For creating strong and unique passwords, I use ESET Password Manager (part of my ESET Smart Security Premium subscription). Using a password manager is great because I only need to remember one long passphrase – my private keys to the kingdom – and all my other account passwords are easily managed with a few clicks via the Password Manager:
You should also change your SSID – that’s the name of your home network. Looking at the SSIDs of Wi-Fi networks detected from my apartment, a lot of neighbors are apparently using Huawei routers – that’s free information for an attacker:
2. Scan your home network for unwanted devices.
You can also use scanning tools to find unwanted devices on your home network. ESET Smart Security Premium, for example, comes with a Connected Home Monitor scanning tool that can find pesky neighbors who have perhaps been secretly using your Wi-Fi connection without you knowing. Change your password and kick unrecognized devices off your network:
3. Update your home router’s firmware – or stop using a legacy router.
With ESET researchers having recently discovered the KrØØk vulnerability in billions of Wi-Fi chips used in routers, among other devices, it is paramount to ensure the firmware of your home router is updated to the latest version provided by the manufacturer. In fact, if you discover you are using a legacy router, it’s time for a new home router.

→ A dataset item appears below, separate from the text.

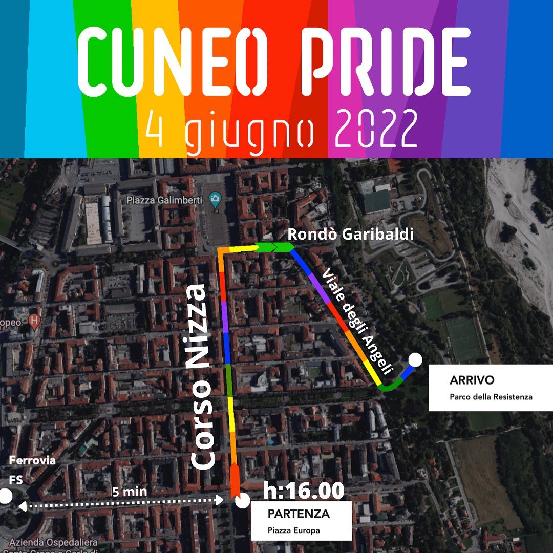 Il pride partirà da Piazza Europa alle ore 16 sino al Parco della Resistenza, passando per corso Nizza,Piazza Galimberti, Rondò Garibaldi e Viale degli Angeli.

If you end up shopping for a new router, look for options that can provide greater security for your home network. In fact, some routers, like those made by Gryphon, incorporate threat intelligence provided by ESET to detect and block malware, phishing sites and other threats at the network level for every router-connected device in your home.

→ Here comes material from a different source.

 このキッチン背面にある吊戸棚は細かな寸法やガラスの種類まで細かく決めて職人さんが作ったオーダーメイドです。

For more information about configuration options for your home router, start with the blog post How to secure your router to prevent IoT threats.
4. Use a virtual private network (VPN) to encrypt your communication.
Employees who need access to a company’s intranet while working remotely will be communicating over insecure public networks. You can better protect that communication by using a VPN that establishes a safe tunnel for the communication to happen.
With a VPN, the small data packets that make up the communication can be kept away from prying eyes, even while travelling across the wider Internet, by only allowing decryption at the ends of the tunnel, i.e., your employees’ devices and your corporate network.
If you don’t have an IT department, you might have to set up your own VPN connections. Don’t worry, it’s not as daunting as you might think – check out this guide on WeLiveSecurity.
5. If you have the option, use two-factor authentication (2FA) to protect your remote access.
Employees who use remote access technologies, like the Remote Desktop Protocol (RDP), are quite open to attack without the proper security and mitigation options in place. Threat actors attack RDP either by social engineering passwords out of employees or by brute-forcing their way in. In other words, the success of attacks against RDP can stem from poor management of the authentication process or from social engineering tricks, among other factors.
Therefore, to better address authentication needs, businesses have the option of using ESET Secure Authentication, ESET’s two-factor authentication (2FA) solution, designed to help doubly secure remote access technologies like VPN and RDP, as well as employee credentials.
The double layer of protection comes from the fact that 2FA requires an employee to enter a one-time code usually delivered via an authentication app (the more secure option) or an SMS, in addition to the usual corporate username and password. Even if an attacker compromises a password, having 2FA in place will prevent unauthorized access.